**Task to complete**
What you return must match the records below character for character, except that no picture appears.

Data extracted from a collection:
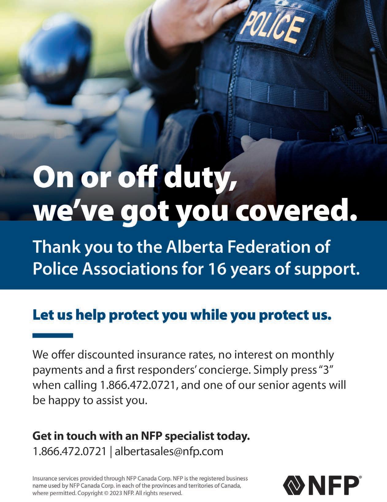 reetings AFPA members. I hope this article finds you well and truly rested after a summer of sun, sand, and copious amounts of your favourite beverage. It has been a relatively uneventful summer in the union world, and if I’m perfectly honest, I think we can all appreciate a bit of a lull. In my 8+ years as a Director with the Calgary Police Association, I have seen the rise and fall of tensions within the CPS many times. Sometimes these moods shift due to a change in personnel, and sometimes it’s a change in circumstances, but there’s no denying the relief it brings and the boost to morale that comes with it. Thank you all for your continued support and words of encouragement as we fight to make sure your voice is heard with the Executive, respective Police Commissions, City Halls and the Legislature.
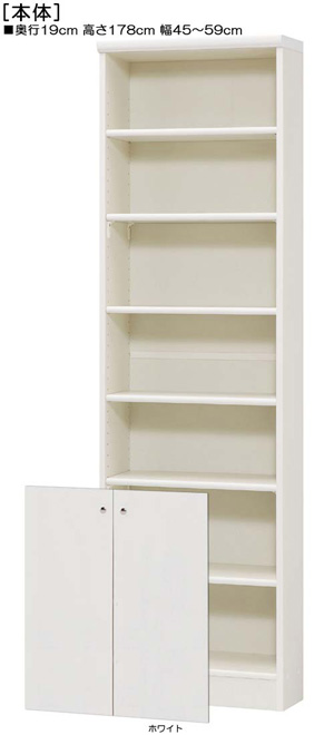 • 下扉付き薄型リビングラック 高さ178cm幅45~59cm奥行19cm 標準棚板1.7cm厚 棚板耐荷重:4Kg 扉高62.6cm
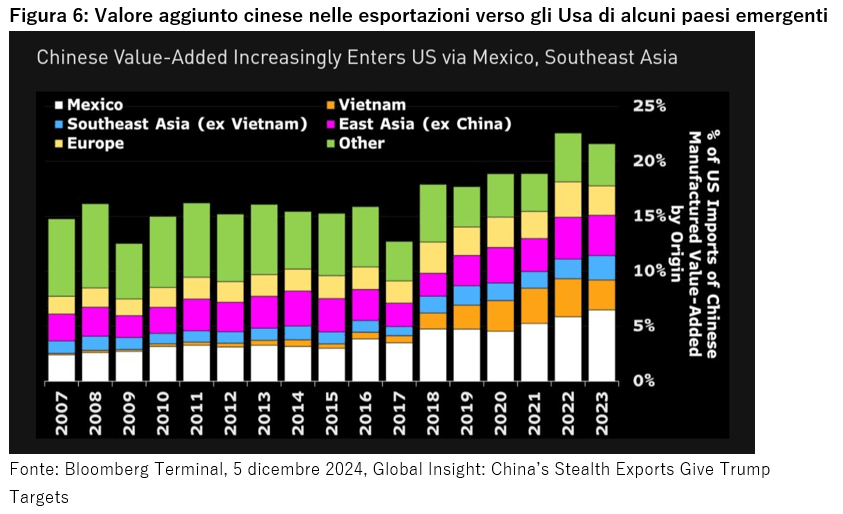 È necessario tenere presente che la scelta di investimento diretto estero può dipendere da molteplici variabili che vanno oltre la domanda finale che il paese destinatario dell’investimento diretto estero può generare. La disponibilità di capitale, infrastrutture e forza lavoro qualificata tra le altre variabili sono fondamentali per la scelta del paese in cui investire. Il crescente protezionismo dell’Amministrazione Trump e la crescente propensione verso politiche migratorie più restrittive potrebbero nel tempo influenzare la capacità degli Usa di attrarre i fattori produttivi necessari a valorizzare l’investimento diretto estero e far sì che i partner commerciali degli Usa cerchino alternative percorribili ad un crescente isolazionismo degli Usa (The US’s economic partners are racing to close new bilateral deals and reroute supply chains to cope with increased US protectionism under Donald Trump, una tendenza evidenziata ed analizzata da Ruchir Sharma, contributing editor del Financial Times.).
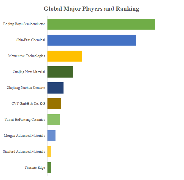 YHResearchのトップ企業研究センターによると、熱分解窒化ホウ素(PBN)製品の世界的な主要製造業者には、Beijing Boyu Semiconductor、Shin-Etsu Chemical、Momentive Technologies、Guojing New Material、Zhejiang Nuohua Ceramicなどが含まれている。2023年、世界のトップ3企業は売上の観点から約44.0%の市場シェアを持っていた。
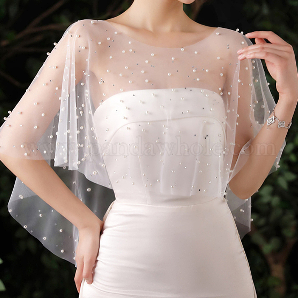 Женские тюлевые воротники, свадебная шаль, с искусственным жемчугом и стразами
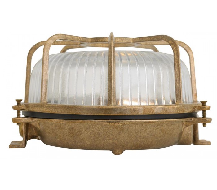 Pasha udendørs loftslampe i et moderne design, fremstillet i naturlig messing. Lampen måler 20 cm i diameter og anvender 1 x E27 lyskilde.
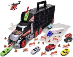 Der riesige LKW-Koffer kombiniert Aufbewahrungsbox und Spielset in einem. Die aufklappbaren Fächer fassen das komplette Set an Fahrzeugen und Zubehör, und der praktische Griff erleichtert das Tragen. Die manuelle Launch-Mechanik in der Kabine verwandelt den LKW in eine Rennstrecke und sorgt für actiongeladene Starts.
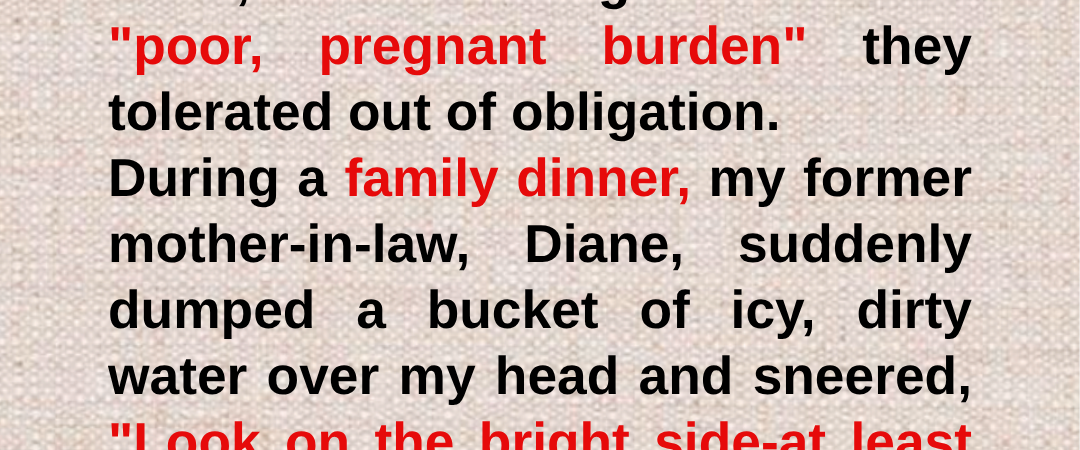 I never told my ex-husband or his wealthy family that I secretly owned the multi-billion-dollar company they all worked for. To them, I was nothing more than a “poor, pregnant burden” they tolerated out of obligation. During a family dinner, my former mother-in-law, Diane, suddenly dumped a bucket of icy, dirty water over my head and sneered, “Look on the bright side—at least you finally got a bath.” Brendan laughed. His girlfriend, Jessica, stifled a giggle. I sat there, soaked and shaking, water dripping from my hair and clothes—while they waited for me to break.

**Output for this exercise**
 reetings AFPA members. I hope this article finds you well and truly rested after a summer of sun, sand, and copious amounts of your favourite beverage. It has been a relatively uneventful summer in the union world, and if I’m perfectly honest, I think we can all appreciate a bit of a lull. In my 8+ years as a Director with the Calgary Police Association, I have seen the rise and fall of tensions within the CPS many times. Sometimes these moods shift due to a change in personnel, and sometimes it’s a change in circumstances, but there’s no denying the relief it brings and the boost to morale that comes with it. Thank you all for your continued support and words of encouragement as we fight to make sure your voice is heard with the Executive, respective Police Commissions, City Halls and the Legislature.
 • 下扉付き薄型リビングラック 高さ178cm幅45~59cm奥行19cm 標準棚板1.7cm厚 棚板耐荷重:4Kg 扉高62.6cm
 È necessario tenere presente che la scelta di investimento diretto estero può dipendere da molteplici variabili che vanno oltre la domanda finale che il paese destinatario dell’investimento diretto estero può generare. La disponibilità di capitale, infrastrutture e forza lavoro qualificata tra le altre variabili sono fondamentali per la scelta del paese in cui investire. Il crescente protezionismo dell’Amministrazione Trump e la crescente propensione verso politiche migratorie più restrittive potrebbero nel tempo influenzare la capacità degli Usa di attrarre i fattori produttivi necessari a valorizzare l’investimento diretto estero e far sì che i partner commerciali degli Usa cerchino alternative percorribili ad un crescente isolazionismo degli Usa (The US’s economic partners are racing to close new bilateral deals and reroute supply chains to cope with increased US protectionism under Donald Trump, una tendenza evidenziata ed analizzata da Ruchir Sharma, contributing editor del Financial Times.).
 YHResearchのトップ企業研究センターによると、熱分解窒化ホウ素(PBN)製品の世界的な主要製造業者には、Beijing Boyu Semiconductor、Shin-Etsu Chemical、Momentive Technologies、Guojing New Material、Zhejiang Nuohua Ceramicなどが含まれている。2023年、世界のトップ3企業は売上の観点から約44.0%の市場シェアを持っていた。
 Женские тюлевые воротники, свадебная шаль, с искусственным жемчугом и стразами
 Pasha udendørs loftslampe i et moderne design, fremstillet i naturlig messing. Lampen måler 20 cm i diameter og anvender 1 x E27 lyskilde.
 Der riesige LKW-Koffer kombiniert Aufbewahrungsbox und Spielset in einem. Die aufklappbaren Fächer fassen das komplette Set an Fahrzeugen und Zubehör, und der praktische Griff erleichtert das Tragen. Die manuelle Launch-Mechanik in der Kabine verwandelt den LKW in eine Rennstrecke und sorgt für actiongeladene Starts.
 I never told my ex-husband or his wealthy family that I secretly owned the multi-billion-dollar company they all worked for. To them, I was nothing more than a “poor, pregnant burden” they tolerated out of obligation. During a family dinner, my former mother-in-law, Diane, suddenly dumped a bucket of icy, dirty water over my head and sneered, “Look on the bright side—at least you finally got a bath.” Brendan laughed. His girlfriend, Jessica, stifled a giggle. I sat there, soaked and shaking, water dripping from my hair and clothes—while they waited for me to break.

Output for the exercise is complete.